Religion in the Early Modern World

Brown University historian Linford Fisher and the students in his "Religion and the Early Modern Atlantic World" course have put together a very helpful annotated bibliography of some of the best scholarship in the field. 

Attention graduate students:  add these books to your reading lists!

Here is a taste of Fisher's description of the project:

In short, on the pages that follow, we have attempted to rethink the received geographical, temporal, and topical boundaries of the early modern period. Using religion as a primary lens of analysis, we have tried to put the following areas and eras into conversation, even when—or perhaps precisely when—such conversation is non-existent in the literature at present:

1) Early modern European religious history (era of Protestant reform and Catholic renewal)
2) Western European expansion – into Asia, the Caribbean, the Americas, and Africa
3) Atlantic world history, particularly the religious history of the Atlantic world
4) The history of religion in America (which often operates narrowly, within the boundaries of the present-day U.S.)
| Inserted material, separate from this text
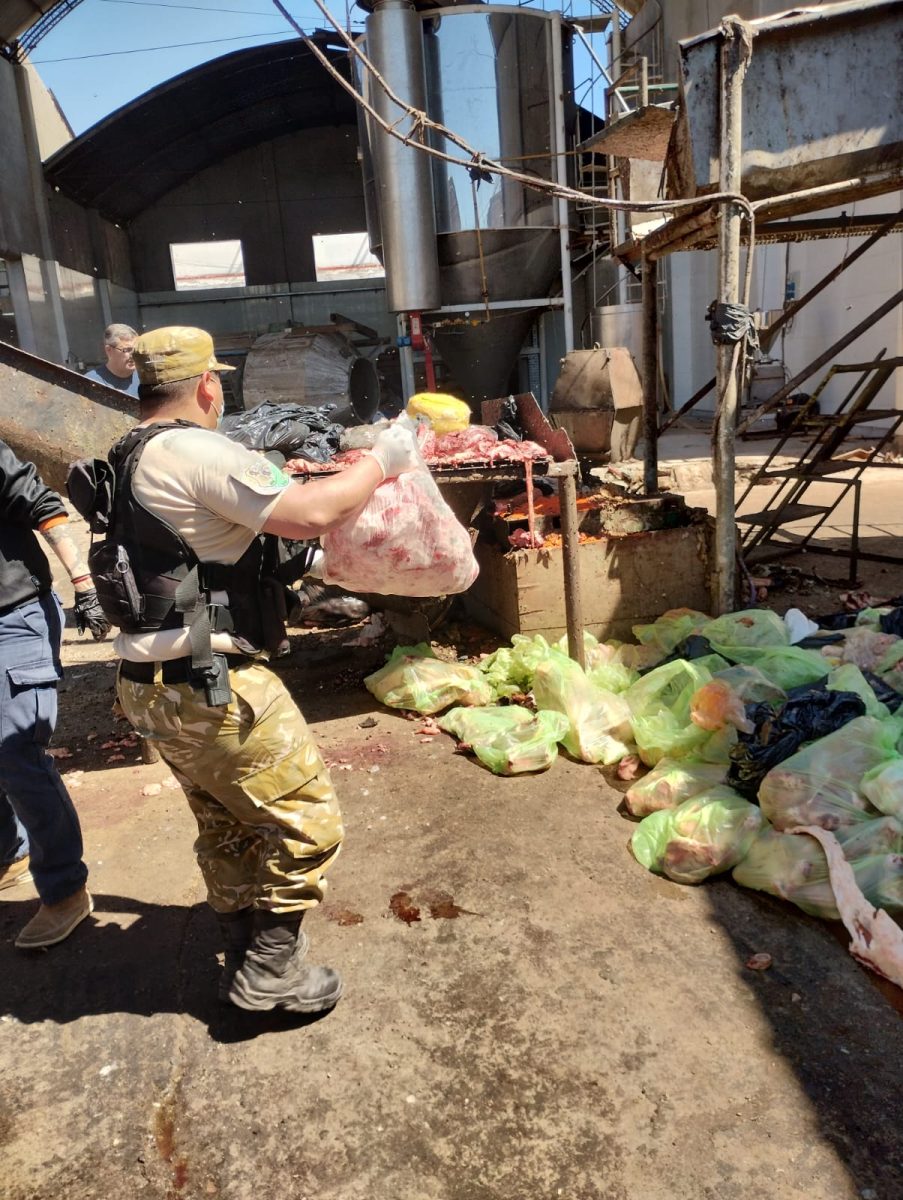 Como resultado, se procedió al decomiso de 240 kilos de carne vacuna, cerdo, pollo, achuras, embutidos, conservas y cueros de mondongo, que fueron trasladados al matadero para su desnaturalización y destrucción.

Taking all these various geographies together highlights the incredible motion of people, goods, and ideas in ways that are truly global. If one of the critiques of Atlantic world histories has been that they are artificially limiting in terms of geography (see Peter Coclanis’ “Atlantic World or Atlantic / World?” [2006]), the approach we have taken here is an explicit attempt to partially remedy such geographic limitations. By considering North America and the Atlantic World in tandem with early modern Europe and considering the full expanse of early modern empires, a more accurate, full span of early modern religious activity comes into focus. Jesuit missionaries in China and India; English Protestant ministers in Japan, Goa, and Istanbul; Protestant merchants and ministers circulating through the Ottoman Empire, coming into contact with Jews and Muslims alike; Catholic popular devotional practices being transported to the shores of South America by “unorthodox” laypersons; Puritan colonists founding Boston and Providence Island deep in the Spanish Atlantic empire; Jewish and Moravian merchants moving from continental Europe to North America to Brazil and Caribbean islands; all reveal the interwoven, overlapping, and textured worlds of Protestant, Catholic, Jewish, and Muslim renewal and expansion into the various corners of the early modern world.